**Exercise prompt:**
Pictures excluded, reproduce exactly the lines below from the one with "今回のクルーズ、船のメインダイニングで食べるのは初になりますね..." through the one with "女性、歩く、ウォーキング、外", both included.

**Exercise input:**
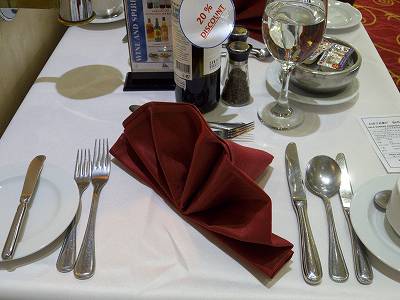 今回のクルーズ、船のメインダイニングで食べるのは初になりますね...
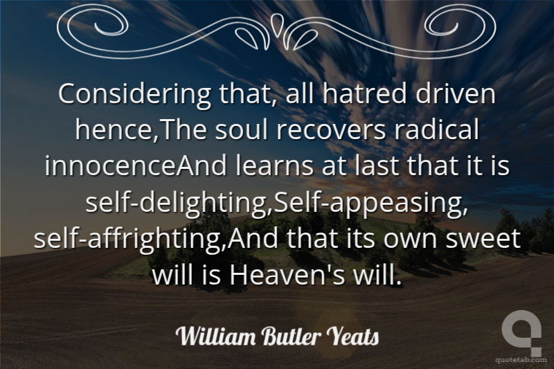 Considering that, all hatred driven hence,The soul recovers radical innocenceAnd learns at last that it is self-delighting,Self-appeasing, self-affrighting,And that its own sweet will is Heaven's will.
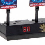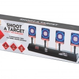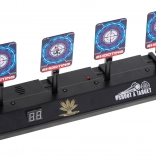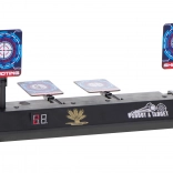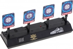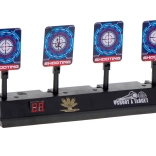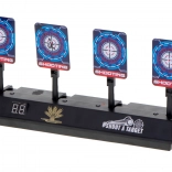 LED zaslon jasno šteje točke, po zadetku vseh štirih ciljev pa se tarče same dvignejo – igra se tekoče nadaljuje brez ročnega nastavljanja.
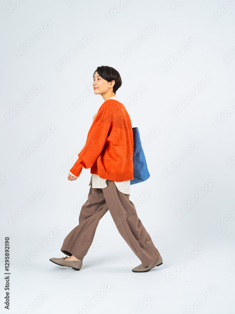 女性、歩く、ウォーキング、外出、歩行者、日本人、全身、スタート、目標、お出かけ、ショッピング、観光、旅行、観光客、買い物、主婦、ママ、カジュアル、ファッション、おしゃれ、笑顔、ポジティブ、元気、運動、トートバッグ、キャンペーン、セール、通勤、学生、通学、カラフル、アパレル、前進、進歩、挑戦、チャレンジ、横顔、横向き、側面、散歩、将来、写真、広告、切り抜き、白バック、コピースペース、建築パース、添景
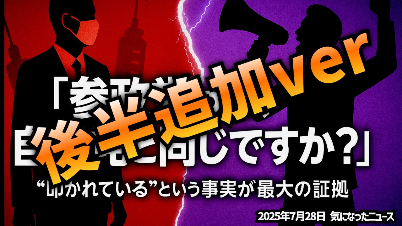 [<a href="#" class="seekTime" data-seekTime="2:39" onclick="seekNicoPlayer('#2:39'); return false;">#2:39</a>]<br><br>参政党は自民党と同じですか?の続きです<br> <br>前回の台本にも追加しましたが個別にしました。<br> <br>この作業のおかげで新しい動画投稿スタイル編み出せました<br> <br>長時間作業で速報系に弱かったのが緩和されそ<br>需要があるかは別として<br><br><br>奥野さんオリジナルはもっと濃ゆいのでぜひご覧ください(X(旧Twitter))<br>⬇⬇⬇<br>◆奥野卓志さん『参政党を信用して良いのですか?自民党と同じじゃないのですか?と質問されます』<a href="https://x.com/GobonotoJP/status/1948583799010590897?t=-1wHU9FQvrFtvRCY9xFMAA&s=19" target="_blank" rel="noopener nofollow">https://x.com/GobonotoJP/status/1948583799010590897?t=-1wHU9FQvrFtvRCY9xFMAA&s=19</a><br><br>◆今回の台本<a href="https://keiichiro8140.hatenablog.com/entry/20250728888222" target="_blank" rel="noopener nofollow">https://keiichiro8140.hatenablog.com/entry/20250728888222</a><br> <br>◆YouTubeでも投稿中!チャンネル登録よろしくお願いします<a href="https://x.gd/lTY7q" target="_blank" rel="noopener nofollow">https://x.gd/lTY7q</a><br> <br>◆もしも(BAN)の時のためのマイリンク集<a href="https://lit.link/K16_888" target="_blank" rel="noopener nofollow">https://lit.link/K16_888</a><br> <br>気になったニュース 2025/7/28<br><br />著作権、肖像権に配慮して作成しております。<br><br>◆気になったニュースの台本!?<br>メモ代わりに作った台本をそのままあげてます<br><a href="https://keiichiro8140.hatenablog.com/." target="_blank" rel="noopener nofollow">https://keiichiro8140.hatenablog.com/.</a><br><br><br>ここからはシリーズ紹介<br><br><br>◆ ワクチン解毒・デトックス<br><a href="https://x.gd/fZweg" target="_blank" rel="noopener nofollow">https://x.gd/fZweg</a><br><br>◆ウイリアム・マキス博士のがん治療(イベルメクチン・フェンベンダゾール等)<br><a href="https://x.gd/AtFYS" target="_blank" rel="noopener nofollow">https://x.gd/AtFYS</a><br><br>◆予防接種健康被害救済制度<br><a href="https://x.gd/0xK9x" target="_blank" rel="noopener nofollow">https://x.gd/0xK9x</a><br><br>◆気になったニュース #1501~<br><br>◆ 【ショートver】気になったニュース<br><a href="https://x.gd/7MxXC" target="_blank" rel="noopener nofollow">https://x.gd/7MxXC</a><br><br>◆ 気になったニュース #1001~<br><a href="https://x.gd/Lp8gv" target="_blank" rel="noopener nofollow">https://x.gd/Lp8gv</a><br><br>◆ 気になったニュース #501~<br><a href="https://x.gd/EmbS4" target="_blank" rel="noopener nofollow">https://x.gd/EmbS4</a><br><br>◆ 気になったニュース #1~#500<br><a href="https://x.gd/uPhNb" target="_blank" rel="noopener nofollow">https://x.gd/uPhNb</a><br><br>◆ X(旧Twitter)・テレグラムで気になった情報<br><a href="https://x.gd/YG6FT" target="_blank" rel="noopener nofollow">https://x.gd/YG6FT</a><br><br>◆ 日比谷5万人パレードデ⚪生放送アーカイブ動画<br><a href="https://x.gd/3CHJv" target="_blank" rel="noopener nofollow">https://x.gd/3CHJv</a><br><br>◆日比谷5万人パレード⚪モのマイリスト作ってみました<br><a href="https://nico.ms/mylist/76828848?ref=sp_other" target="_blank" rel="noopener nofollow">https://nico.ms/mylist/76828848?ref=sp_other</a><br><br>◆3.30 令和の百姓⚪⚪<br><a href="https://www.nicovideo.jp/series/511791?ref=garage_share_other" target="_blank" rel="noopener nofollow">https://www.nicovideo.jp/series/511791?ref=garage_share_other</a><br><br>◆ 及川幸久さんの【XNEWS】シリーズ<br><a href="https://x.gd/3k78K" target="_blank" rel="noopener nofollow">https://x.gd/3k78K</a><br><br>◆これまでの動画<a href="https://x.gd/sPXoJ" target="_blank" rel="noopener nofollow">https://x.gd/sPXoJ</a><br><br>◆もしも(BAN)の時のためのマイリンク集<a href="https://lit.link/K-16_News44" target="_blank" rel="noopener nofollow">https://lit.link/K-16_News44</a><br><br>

* * *

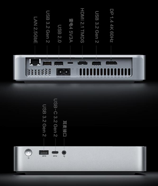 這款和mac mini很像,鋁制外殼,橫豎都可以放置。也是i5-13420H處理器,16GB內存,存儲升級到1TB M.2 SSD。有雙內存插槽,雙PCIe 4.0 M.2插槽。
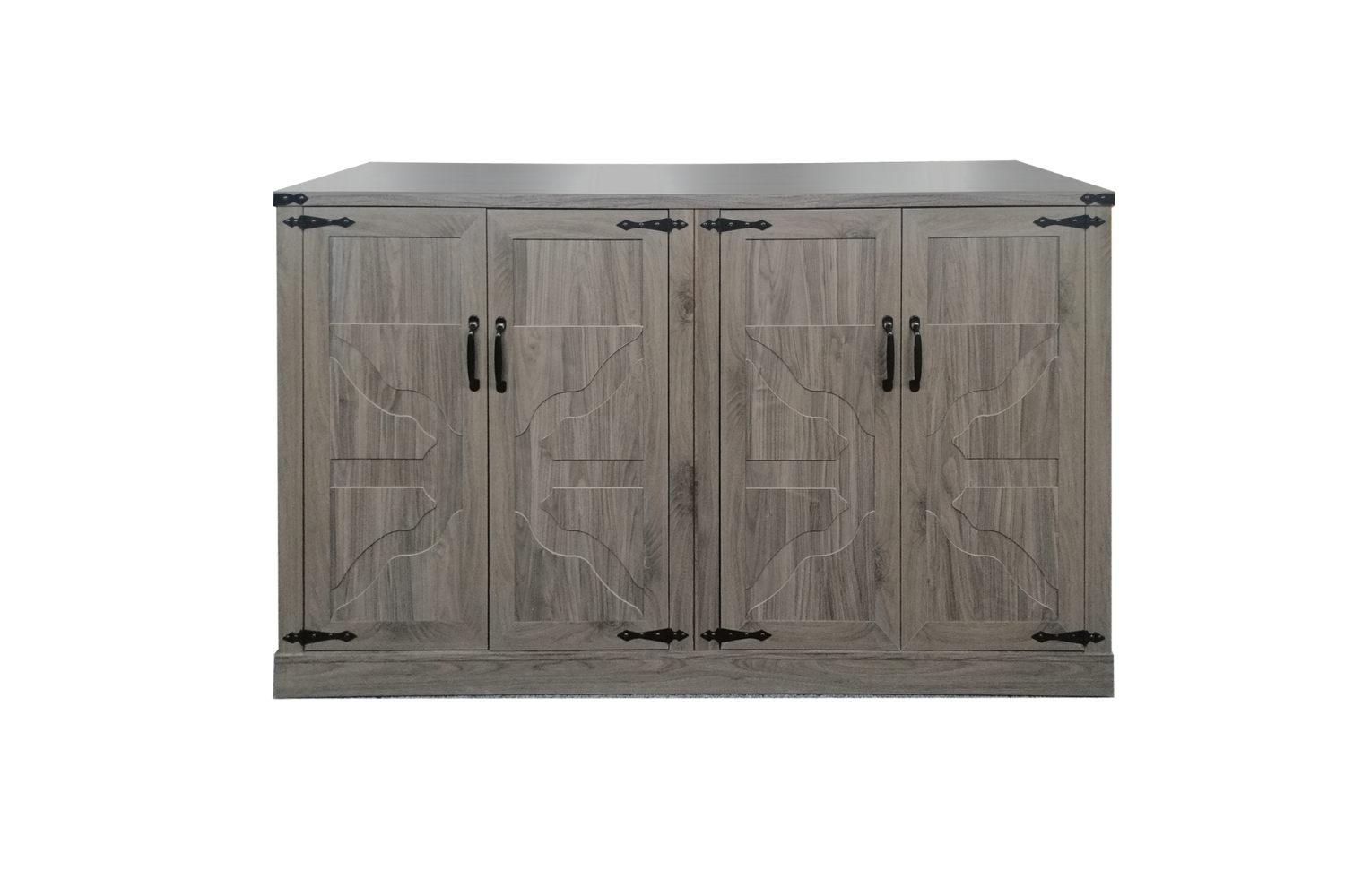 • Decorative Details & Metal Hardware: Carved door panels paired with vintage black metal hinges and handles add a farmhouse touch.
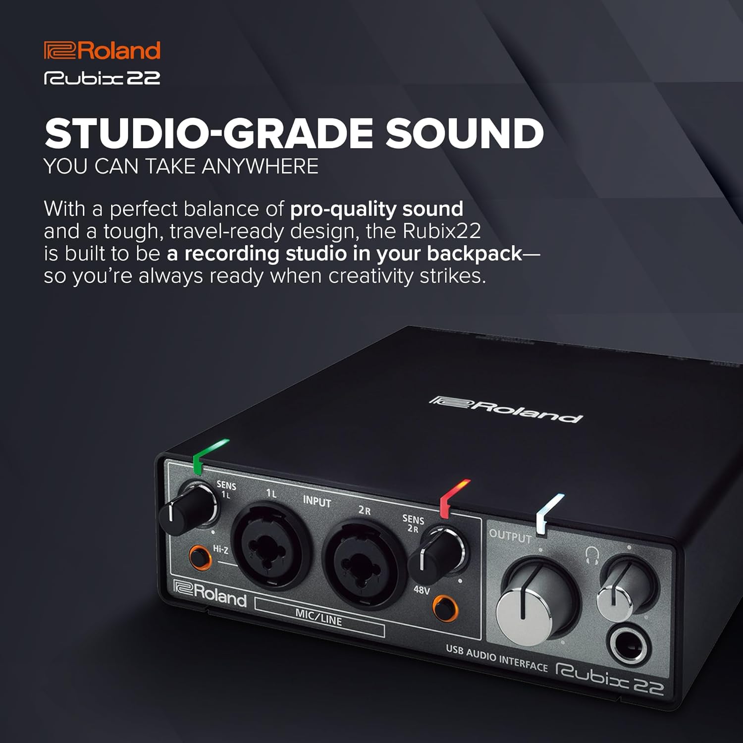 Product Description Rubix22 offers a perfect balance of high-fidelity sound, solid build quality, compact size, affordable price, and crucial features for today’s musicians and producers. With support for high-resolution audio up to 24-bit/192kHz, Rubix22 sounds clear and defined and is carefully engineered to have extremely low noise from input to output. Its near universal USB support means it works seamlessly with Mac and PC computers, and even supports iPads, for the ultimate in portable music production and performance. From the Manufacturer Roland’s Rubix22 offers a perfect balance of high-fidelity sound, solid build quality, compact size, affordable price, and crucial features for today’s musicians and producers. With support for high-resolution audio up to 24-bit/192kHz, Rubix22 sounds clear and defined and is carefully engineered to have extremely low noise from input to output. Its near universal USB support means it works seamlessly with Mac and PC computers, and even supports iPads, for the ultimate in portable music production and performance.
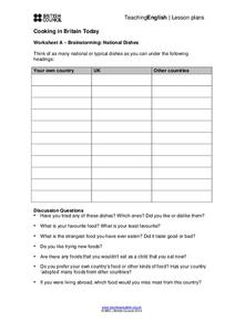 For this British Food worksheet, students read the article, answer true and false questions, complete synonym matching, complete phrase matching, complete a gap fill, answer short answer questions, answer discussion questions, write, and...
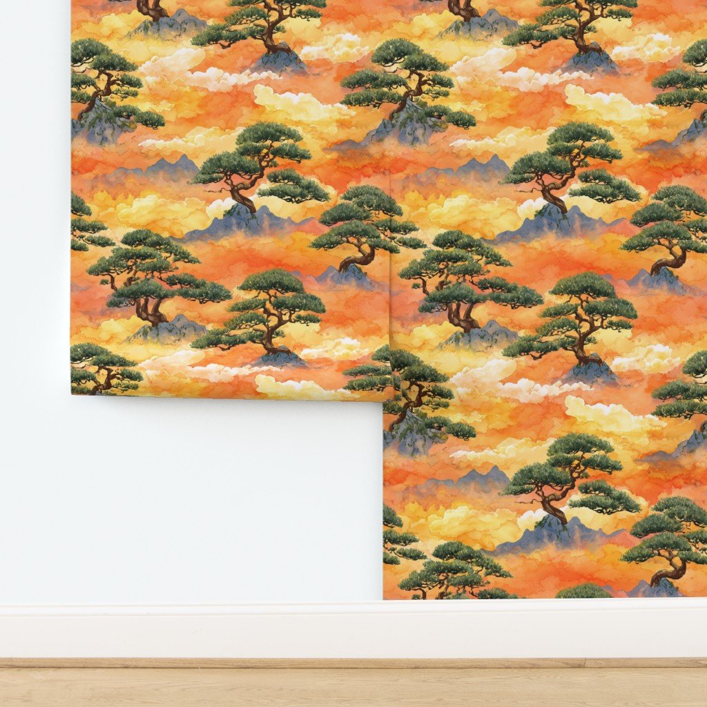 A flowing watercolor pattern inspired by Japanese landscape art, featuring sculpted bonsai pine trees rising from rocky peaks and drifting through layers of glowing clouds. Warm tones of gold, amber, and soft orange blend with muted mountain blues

**Response below:**
 今回のクルーズ、船のメインダイニングで食べるのは初になりますね...
 Considering that, all hatred driven hence,The soul recovers radical innocenceAnd learns at last that it is self-delighting,Self-appeasing, self-affrighting,And that its own sweet will is Heaven's will.
 LED zaslon jasno šteje točke, po zadetku vseh štirih ciljev pa se tarče same dvignejo – igra se tekoče nadaljuje brez ročnega nastavljanja.
 女性、歩く、ウォーキング、外出、歩行者、日本人、全身、スタート、目標、お出かけ、ショッピング、観光、旅行、観光客、買い物、主婦、ママ、カジュアル、ファッション、おしゃれ、笑顔、ポジティブ、元気、運動、トートバッグ、キャンペーン、セール、通勤、学生、通学、カラフル、アパレル、前進、進歩、挑戦、チャレンジ、横顔、横向き、側面、散歩、将来、写真、広告、切り抜き、白バック、コピースペース、建築パース、添景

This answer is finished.